Машина подрагивала в воздушных струях, на меня стремительно неслась и уходила под брюхо глайдера нескончаемая стена леса. Вскоре лес поредел, а вот и знакомое мне еще с детства болото...
Глайдер я опустил на маленьком топком островке. Распахнув дверь, с наслаждением вдохнул свежий воздух, потом достал биту и вылез из машины.
Опоры глайдера глубоко увязли в топкой почве, машина легла брюхом на грунт. Я с сомнением взглянул на нее, размышляя о том, не утонет ли она окончательно, потом махнул рукой и побрел в сторону.
Здесь, на болоте, леса как такового уже давно не было, из зыбкого грунта в разных местах торчали голые стволы давно погибших деревьев. Подойдя к ближайшему, я покрепче сжал биту, размахнулся и от души врезал по стволу.
Наверное, во мне действительно накопилось слишком много злости — дерево переломилось в нескольких местах и рухнуло, один из обломков чувствительно задел меня по спине. Впрочем, это только добавило мне злости.

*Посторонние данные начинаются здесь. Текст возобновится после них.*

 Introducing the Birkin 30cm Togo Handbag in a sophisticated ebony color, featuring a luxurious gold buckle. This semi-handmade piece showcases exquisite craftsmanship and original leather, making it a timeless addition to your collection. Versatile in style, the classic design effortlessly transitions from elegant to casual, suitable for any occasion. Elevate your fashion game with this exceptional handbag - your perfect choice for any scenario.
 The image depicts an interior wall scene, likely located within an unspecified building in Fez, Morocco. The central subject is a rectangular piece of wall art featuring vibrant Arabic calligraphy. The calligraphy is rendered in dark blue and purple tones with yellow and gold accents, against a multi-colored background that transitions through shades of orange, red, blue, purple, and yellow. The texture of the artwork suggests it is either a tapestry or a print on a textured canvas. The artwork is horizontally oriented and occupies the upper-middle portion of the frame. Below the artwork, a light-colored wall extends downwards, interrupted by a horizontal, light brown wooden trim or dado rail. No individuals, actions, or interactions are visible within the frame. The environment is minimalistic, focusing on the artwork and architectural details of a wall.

Подняв биту, я шагнул к очередному дереву...
Я крушил гнилые стволы минут двадцать, пока, вконец обессиленный, не упал на колени, в плотоядно чавкнувшую болотную жижу.
Меня трясло, я был мокрый и грязный. И все-таки это было лучше, чем чувствовать себя обманутым. Эх, Алиса...

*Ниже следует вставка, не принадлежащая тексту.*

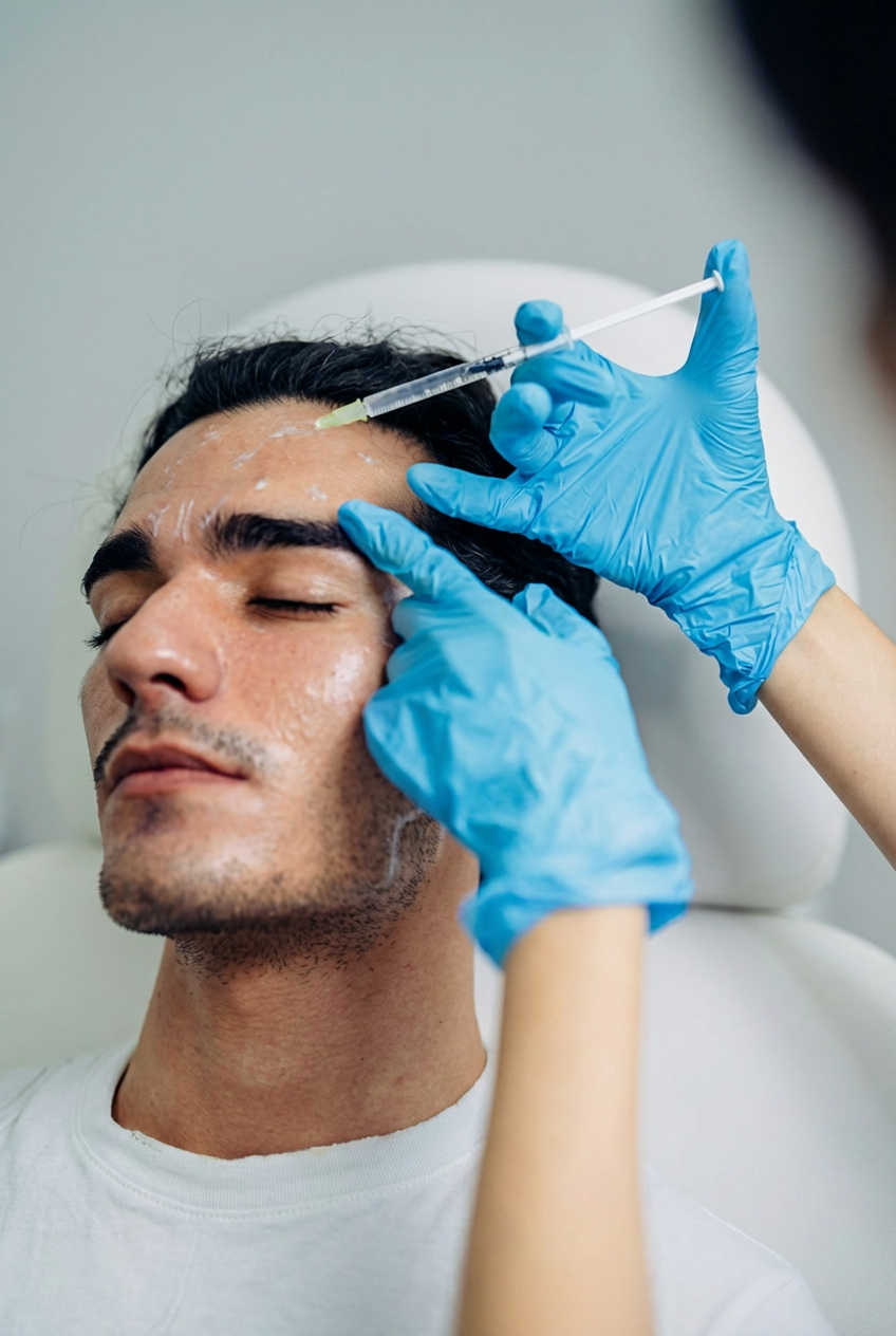 Botox injections by men to reduce facial wrinkles and lines, aiming for a more youthful appearance.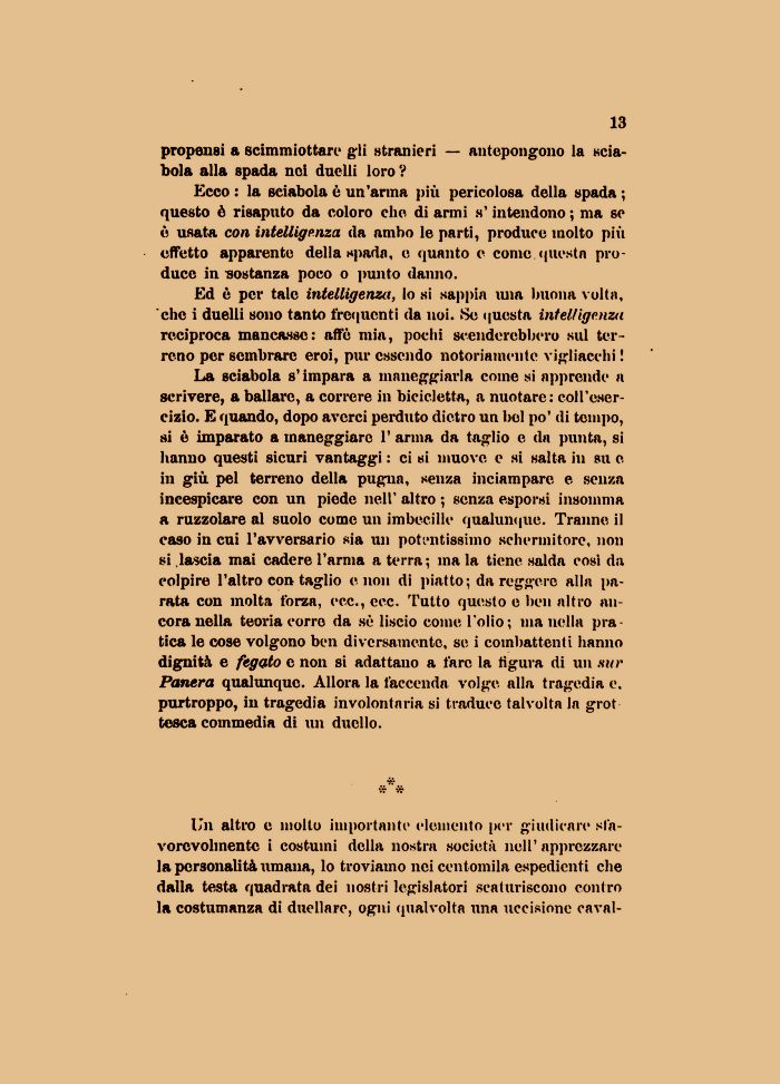 Ed è per tale intelligenza, lo si sappia una buona volta, che i duelli sono tanto frequenti da noi. Se questa intelligenza reciproca mancasse: afte mia, pochi scenderebbero sul terreno per sembrare eroi, pur essendo notoriamente vigliacchi !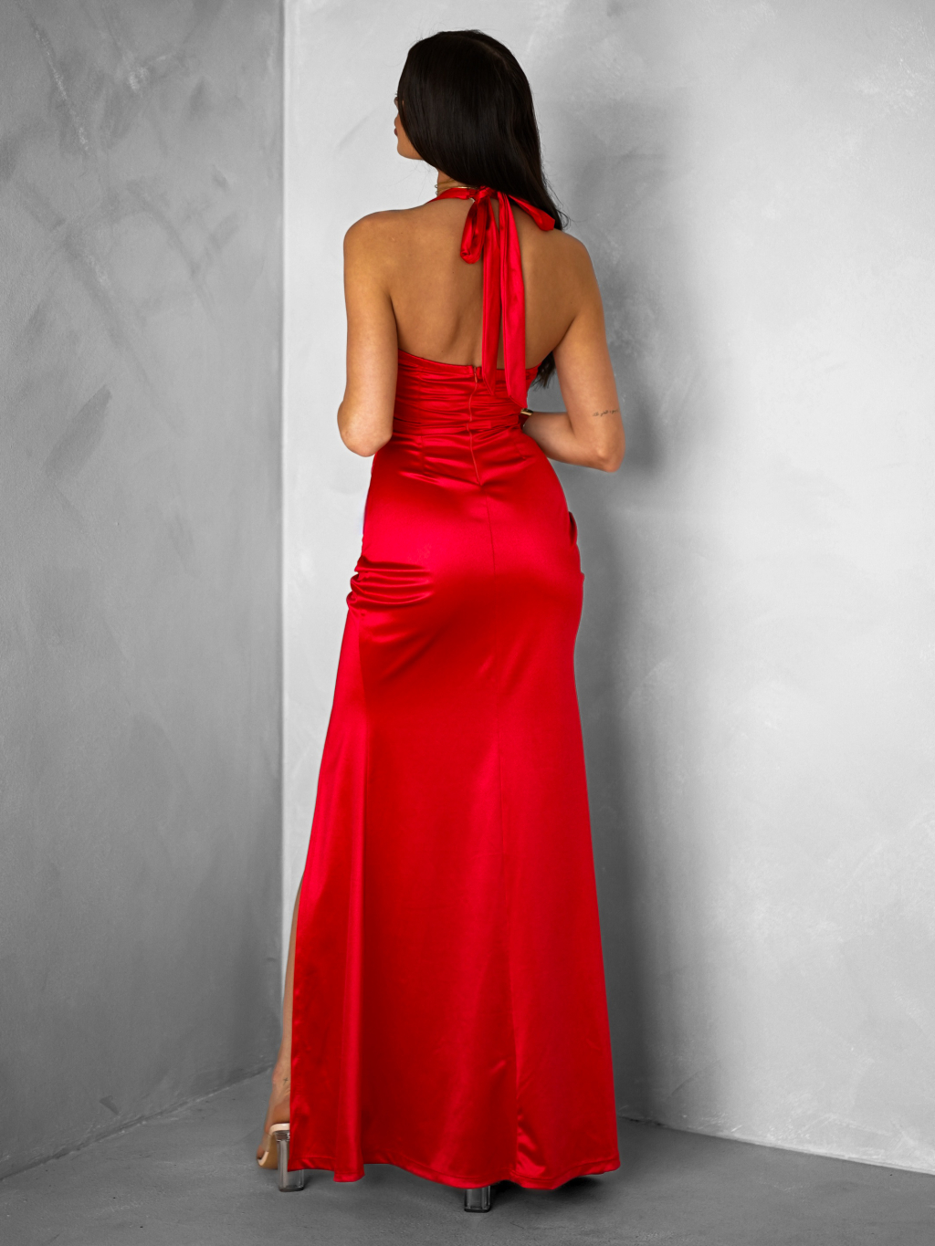 Červené dlouhé společenské šaty PULONA s rozparkem

Поднявшись, я отшвырнул в сторону биту и побрел к машине.
За время моего отсутствия глайдер успел основательно увязнуть в болоте, вода почти доходила до нижней кромки дверей.
Ну и черт є ней — я плюхнулся на сиденье, этого оказалось достаточно, чтобы вода полилась в салон. Еще раз чертыхнувшись, я торопливо захлопнул дверь, потом с отвращением посмотрел на мокрую лужу на полу. Включив двигатель, взял ручку на себя.
Глайдер едва шевельнулся. Плохо — я выжал до упора газ и снова потянул ручку.
Глайдер бился в болоте, как смертельно раненное животное. Перекладывая штурвал, мне удалось-таки мало-помалу раскачать машину. Последнее усилие — и глайдер рывком взмыл в воздух, оставив после себя быстро заполнявшуюся водой вмятину.
Наверное, это было глупо. И все-таки я почувствовал себя лучше. Человеку необходимо время от времени выпускать пар, это одна из особенностей нашей психики. Да, можно сдерживать себя, контролировать свои эмоции и чувства. Но однажды плотина рухнет, весь сдерживаемый вал раздражения выплеснется наружу, и один бог знает, к чему это приведет.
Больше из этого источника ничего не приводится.